### Exercise requirements
Work out the number of lines that hold "Belagavi" in the listing, and give that number with no other text.

### Given data
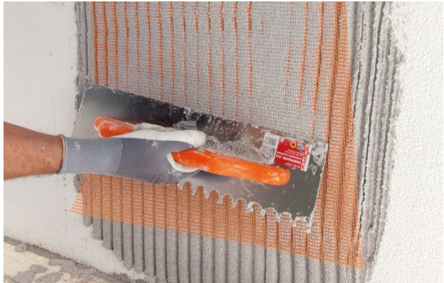
2) Einbetten des RÖFIX P100 Armierungsgewebe grob
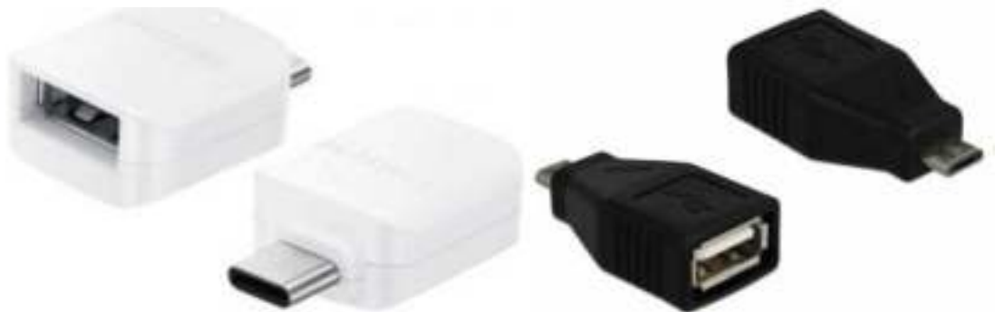
Oude Androids (Micro USB naar USB Female)

Voor het aansluiten van de Digitale USB Microscoop aan uw smartphone heeft u een koppelstuk nodig. Kijk goed welke aansluiting uw smartphone heeft zodat u de juiste koppelstuk kunt bestellen.
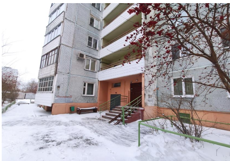
Фото 2. Объект недвижимости. Дата и время съемки: 22.11.2021, 14:20.
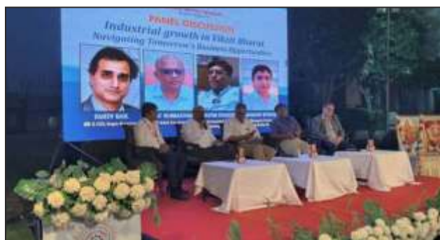
Top Belagavi industry Captains at the Panel Discussion

LUB-Karnataka hosted the All India Working and Executive Committee Meeting (AIWEC) at Belagavi.

### Written answer
2